Proof (outline): Consider the fibered product $U'$ of $i$ and $b$. Then we have a morphism $V \to U'$ determined by the given $\pi : V\to U$ and the factor map $V\to A$ of $b\circ \pi$. Moreover, the map $U' \to U$ is a monomorphism since monomorphisms are stable under fibered products; and the map $U'\to U$ is also an epimorphism as a factor of the given epimorphism $\pi : V\to U$. Therefore, the map $U' \to U$ is in fact an isomorphism; and composing the inverse of this map with the map $U' \to A$ gives the desired factor map.

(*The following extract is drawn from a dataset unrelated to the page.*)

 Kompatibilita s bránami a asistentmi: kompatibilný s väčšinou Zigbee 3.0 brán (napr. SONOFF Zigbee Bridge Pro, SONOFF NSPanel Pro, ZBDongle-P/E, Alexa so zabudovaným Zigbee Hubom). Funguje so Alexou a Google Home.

Now as a brief explanation of the "generalized element method" that I mentioned in a comment: this proof is very much patterned after the natural diagram chasing argument that you would use in the case of abelian groups. However, in case of elements of a group, I use morphisms from some "test object" $U$ to the given object of the abelian category. As you saw in this proof, when the diagram chasing argument takes the preimage of an element under an epimorphism, we may need to adjust the test object; but using the stability of epimorphisms under fibered products (which you first need to establish using another method), you can limit the adjustments of test object to "epimorphic coverings".
(This method is closely related to the philosophy of using Yoneda's lemma to construct certain morphisms, and/or to prove properties of those morphisms.)

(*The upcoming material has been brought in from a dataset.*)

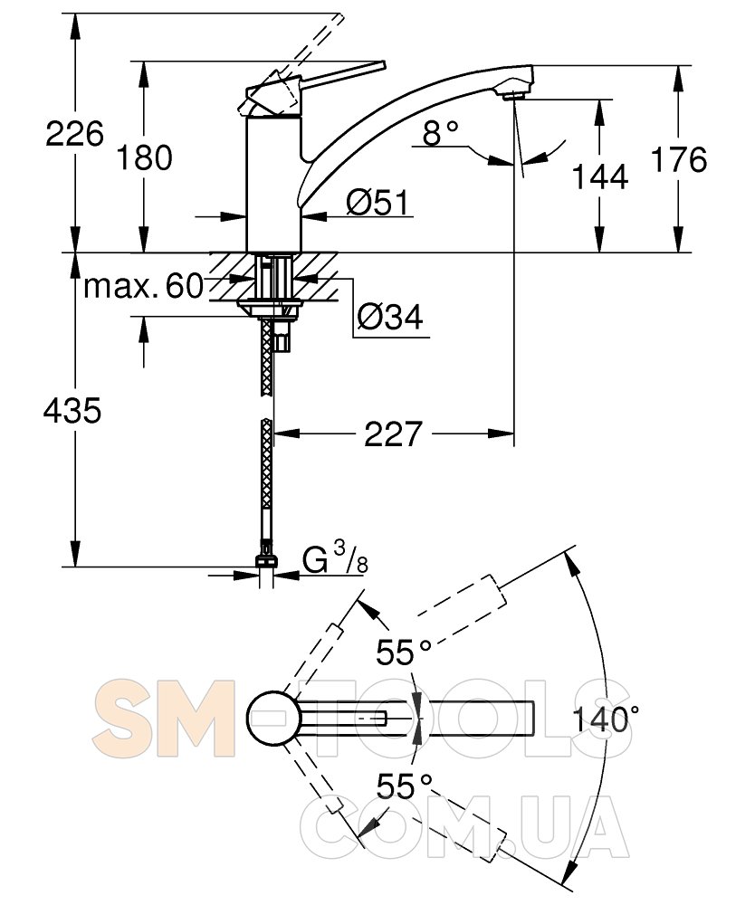 Вилив змішувача має кут повороту 140 градусів - відмінне рішення для невеликих кухонь з малою кількістю вільного простору. Управління здійснюється за допомогою надійної рукоятки, а всередині змішувача захований керамічний картридж GROHE SilkMove, який пропонує точне та плавне керування температурою та напорами води.

(I also like to use names such as $U$ and $V$ for test objects because it reminds me of the case where the abelian category is the category of sheaves of abelian groups on some topological space, or on some site. In fact, this is related since if the test object is $h_U$, the morphisms from $h_U$ to a sheaf $\mathscr{F}$ are canonically identified with the elements of $\mathscr{F}(U)$. And in the "lifting by an epimorphism", we can see in this special case: if $\mathscr{F}\to \mathscr{G}$ is an epimorphism and $g \in \mathscr{G}(U)$, then there exists an open cover $\{ V_i \mid i \in I \}$ of $U$ and sections $f_i \in \mathscr{F}(V_i)$ with $f_i \mapsto g |_{V_i}$. Then $\amalg_{i\in I} h_{V_i} \to h_U$ is an epimorphic cover.)